Ethereum Core Developer Launches ‘Pump The Gas’ to Increase Ethereum’s Gas Limit, Hopes to Reduce L1 Fees by 33%

On March 20, Eric Connor, core Ethereum developer and former head of smart contracts at MakerDAO Mariano Conti, launchedwebsiteA new initiative called ‘pump the gas’ increases the Ethereum gas limit from 30 million to 40 million, which they say will reduce transaction fees on L1.

“This can result in a 15% to 33% reduction in layer 1 transaction fees,” Connor sayin a March 19 post on X, before adding, “We are calling on solo stakers, client teams, pools, and community members to help.”

Hashtags #pumpthegas Starting to receive support from users Ethereumstaker , and DeFi investor on X already by Conti alsoObserveAdditionally, Rocket Pool validator proposed a block with a gas limit of 40 million on March 20.

Source: Eric Connor

Calls for increasing Ethereum’s gas limit have been gaining traction over the past few months. Back in January, Ethereum co-founder Vitalik ButerinrecommendIncrease Gas Limit from 30 million to 40 million.

Ethereum gas limit refers to the maximum amount of gas used in a transaction or smart contract in each block. Gas is the fee required to complete a transaction or smart contract on the network.

Source: Etherscan

“Increasing the gas block limit by 33% allows Layer 1 Ethereum to process 33% more transaction load in one day.”

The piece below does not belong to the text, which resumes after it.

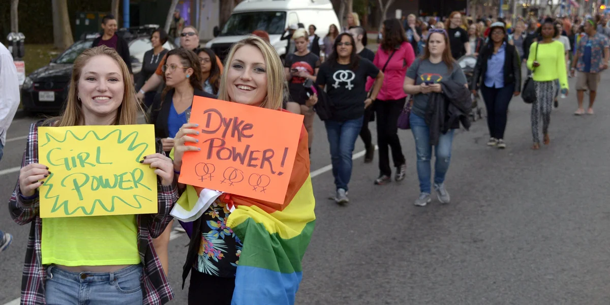 Die Großdemo der Dykes stammt ursprünglich aus den USA, wo 1993 im Rahmen des ersten „March on Washington for Lesbian, Gay and Bi Equal Rights and Liberation“, einer nationalen Großdemonstration für Emanzipation und LGBTI-Rechte, auch der erste Dyke March mit über 20.000 Teilnehmerinnen in Washington D.C. stattfand.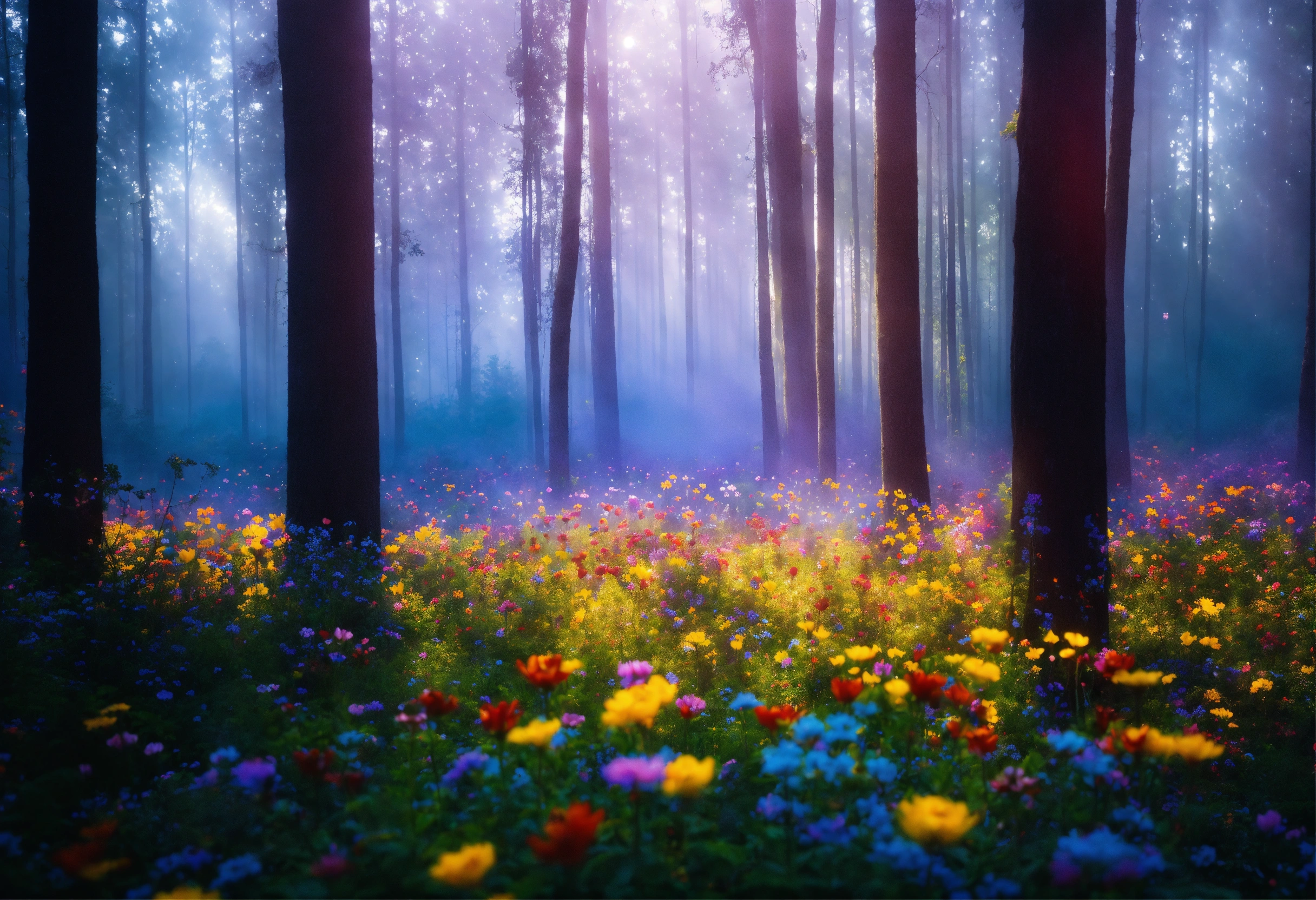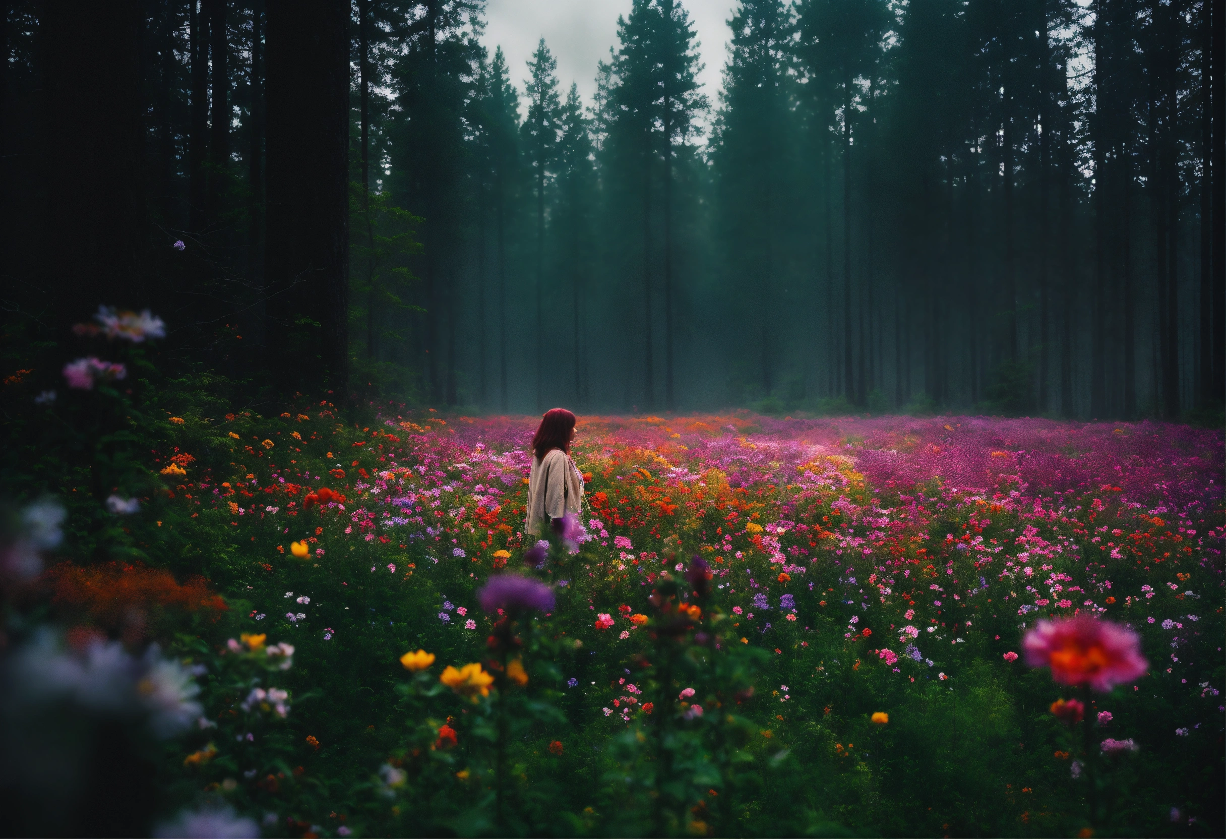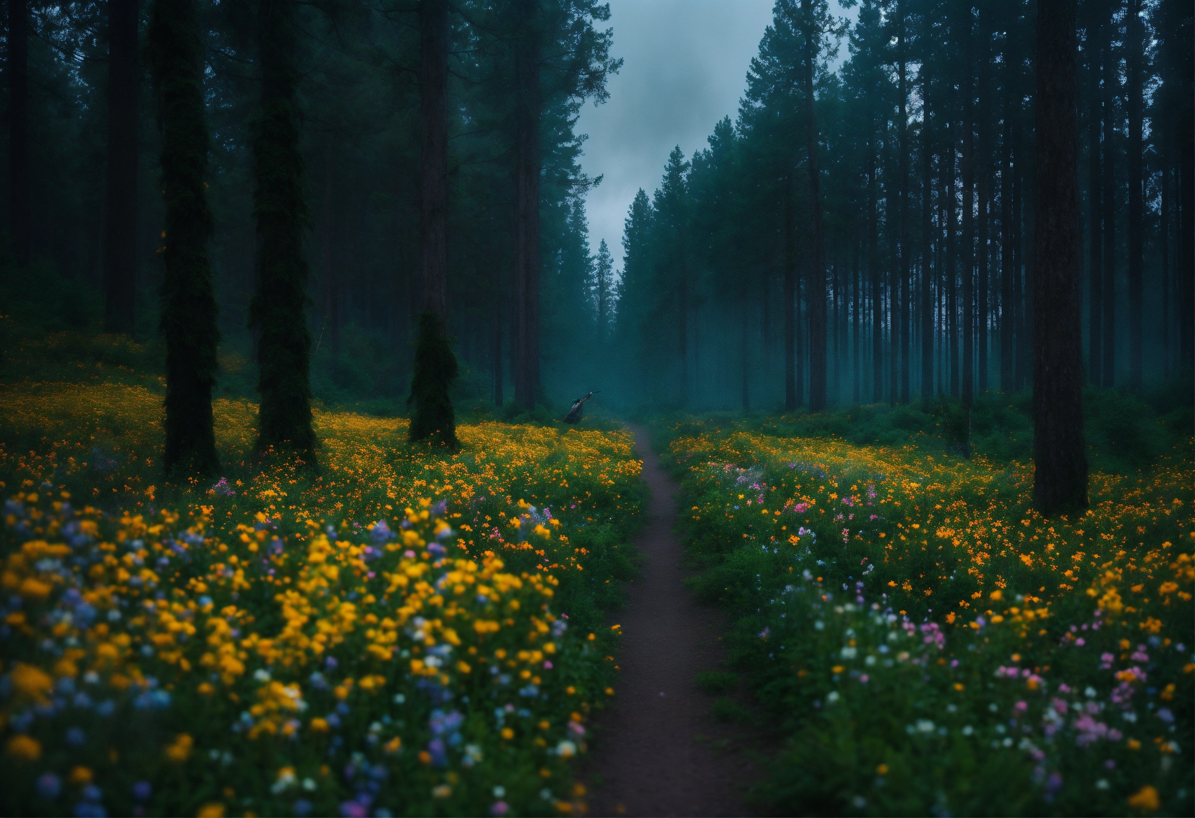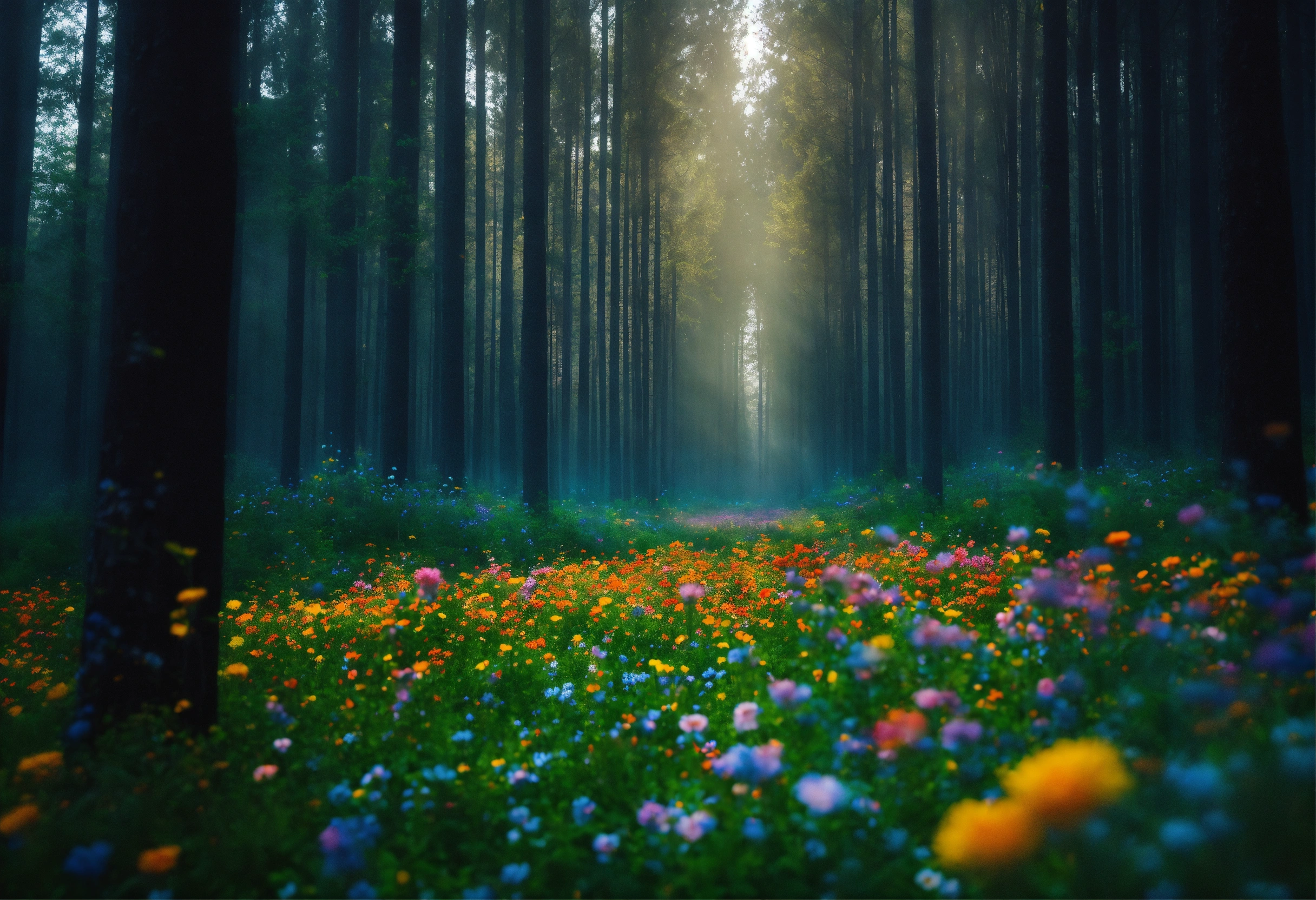 A photo where have the photo is in a field of flowers and then immediately begins a dense dark forest, mystical, pixar

It also noted that data blobs, introduced in the Dencun upgrade with EIP-4844, also significantly reduce layer 2 transaction fees, but not layer 1 fees. “The combination of blobs and gas limit increases can It helps scale both L1 and L2 of Ethereum.”

However, not everyone in the community supports the reshuffle, with Evan Van Ness, a venture capitalist and Ethereum supporter, saying he disagrees.